GC is stop&copy which as a side effect compacts each of those arrays and improves locality. I think most lists should end up having their CDRs next to each other in memory making iteration very cache friendly. But I didn't verify any performance qualities, beyond making it efficient enough for basic use.

It also has delimited continuation control, compiles to WebAssembly, and hooks promises into the continuation system, among some other pretty cool features!

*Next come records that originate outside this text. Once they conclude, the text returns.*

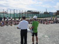 朝の時間を使って、1学期「節目の式」が行われました。校長は、「節目」の意味と「節目」の大切さについて、竹の生長の秘密を例にして話しました。10月10日で1学期の104日間(1日休校があったため103日間)が終了となります。学校教育目標『心豊かな たくましい子』重点目標『自ら動く 共に伸びる』を目指して、いろいろな場面でがんばる姿が見られました。1学期の終わりの節、2学期のはじめの節を大切にして、よかったところはさらに伸ばし、もう少しがんばりたいところについては、克服できるようにしていきたいと思います。子供たちの校歌の歌声がすばらしかったです。
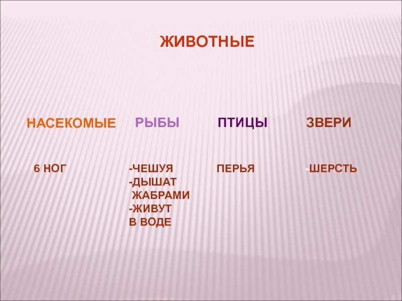 ЖИВОТНЫЕНАСЕКОМЫЕРЫБЫПТИЦЫЗВЕРИ6 НОГ-ЧЕШУЯ-ДЫШАТ ЖАБРАМИ-ЖИВУТ В ВОДЕПЕРЬЯ-ШЕРСТЬ
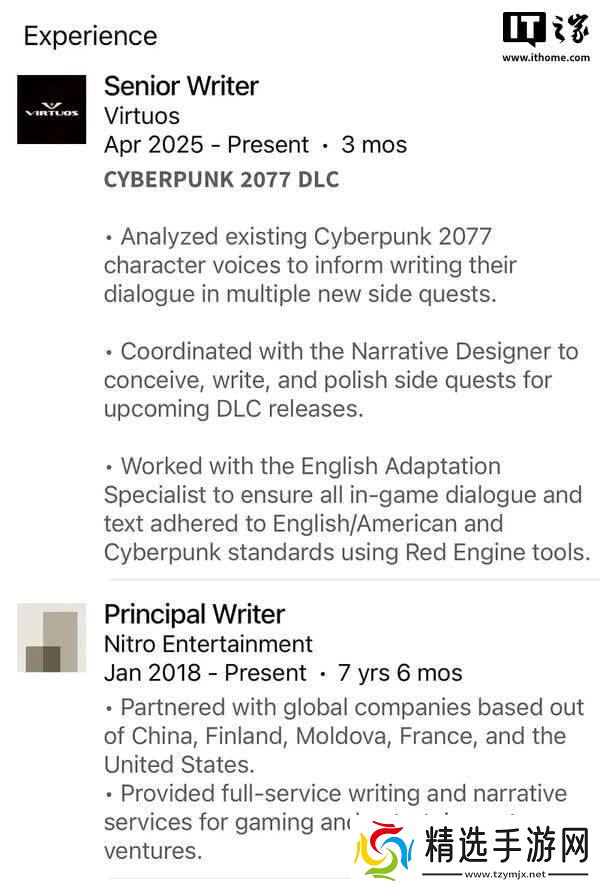 这一推测主要源自Reddit用户Free_Carpenter151的敏锐发现。该用户注意到,外包工作室Virtuos的一位编剧在领英资料上透露,自2025年4月起,他参与了“即将发布”的《赛博朋克 2077》DLC的开发工作,并涉及到“多个新支线任务”的创作。Virtuos此前曾负责过《赛博朋克 2077》2.2版本的更新,这一信息无疑增加了传闻的可信度。

replies(3): >>42176308 #>>42176372 #>>42176767 #
6. mbrock ◴[] No.42176308[source]
Oh yeah, continuation pointers also have their own array like every other field kind, which should have similar benefits as list traversal but for continuation copying... It's a really interesting design area, I think. Zig makes it easy!
replies(1): >>42176386 #
7. aapoalas ◴[] No.42176372[source]
Well I'll be damned! That sounds very much like what I want Nova to eventually be :) We don't have fields split apart at present, mostly because Rust doesn't make that quite as easy as I would want to. Otherwise it sounds like it's very much all the same, in a good way.

I'll definitely be taking a look at wisp, thank you very much for the link! If you ever have the time, I'd love seeing a comparison of this sort of engine design against a more traditional one.

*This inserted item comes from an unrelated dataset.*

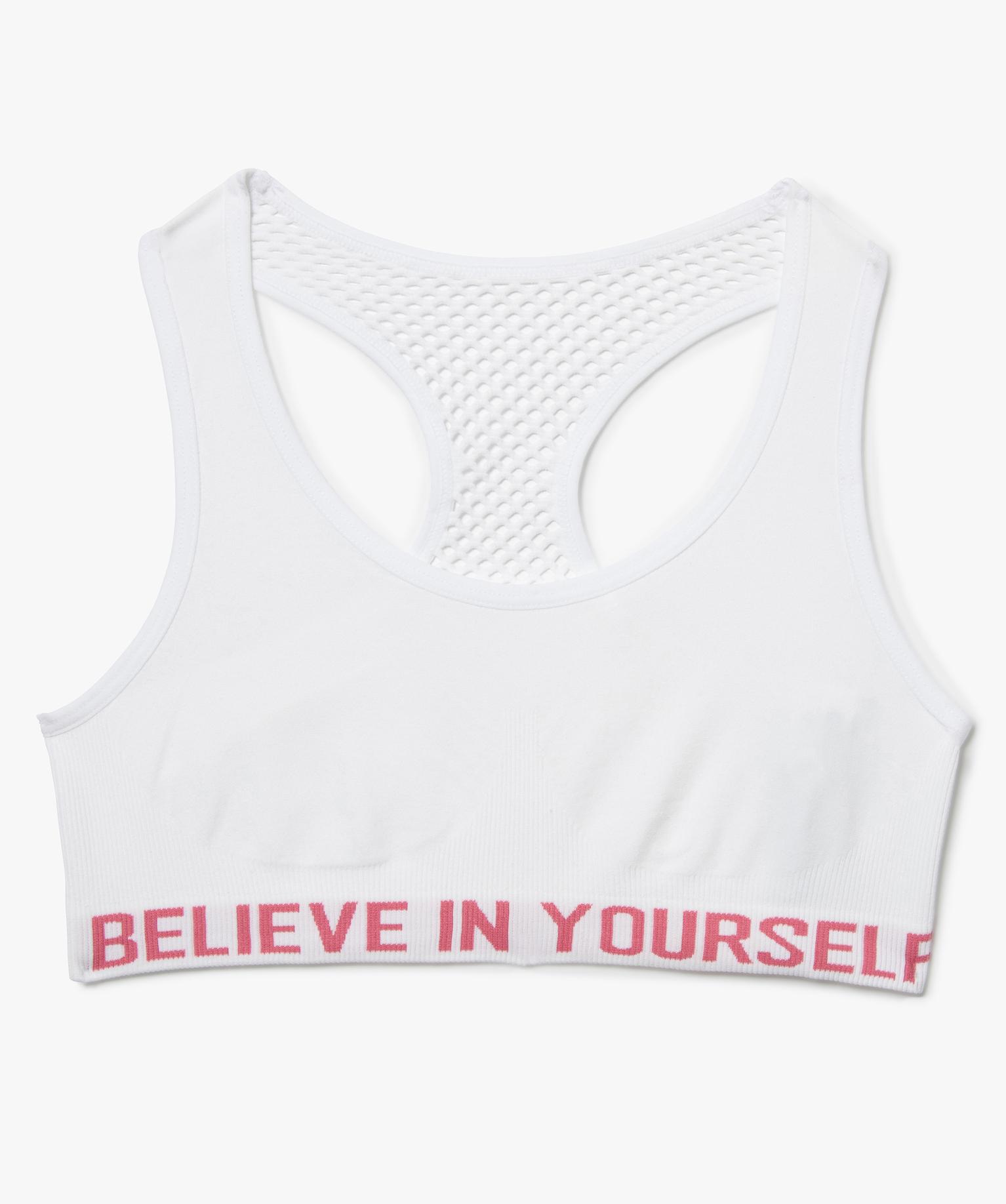 Brassière fille dos nageur en maille ajourée blanc

Sorry, what is "CDR" in this context though?

replies(1): >>42176472 #
8. aapoalas ◴[] No.42176386{3}[source]
Yeah, I'm quite envious of the MultiArrayList or whatever it was that Zig has: If only Rust had that sort of a type built-in <3
replies(1): >>42176557 #
9. mbrock ◴[] No.42176472{3}[source]
Quick reply to the cdr thing: car/cdr are old Lisp names for the head/tail fields of linked list cells! :)
replies(1): >>42176599 #
10. mbrock ◴[] No.42176557{4}[source]
That's how I got interested in this kind of memory layout in the first place. I wanted a nice Lisp for WebAssembly and had recently gotten into Zig. When I started defining the word structure I remembered Andy Kelley's talk about using data-oriented design to make the Zig compiler fast, so I thought I'd try it, and the more I thought about it the more reasonable it seemed.

There are like a dozen object types with different growing multiarrays. Words are 32 bit with 1 for GC state and 27 for index and the rest are the type tag. Ints are 28 bits. Byte arrays have their own heap too, as well as general 32 bit vectors.

11. aapoalas ◴[] No.42176599{4}[source]
Ah, of course!
12. liontwist ◴[] No.42176767[source]
Yes. the right thing to do is to treat a list as a general case and other uses of cons as special case
replies(1): >>42177938 #
13. codr7 ◴[] No.42177938{3}[source]
I've flipped that idea around in a few of my own language designs, where pairs are the central feature and lists are just pairs with pair cdrs. Works fine from what I can see.
replies(1): >>42178815 #
14. liontwist ◴[] No.42178815{4}[source]
Yes pairs is the 1980s lisp design, but it’s not good for modern caches. Both obviously work.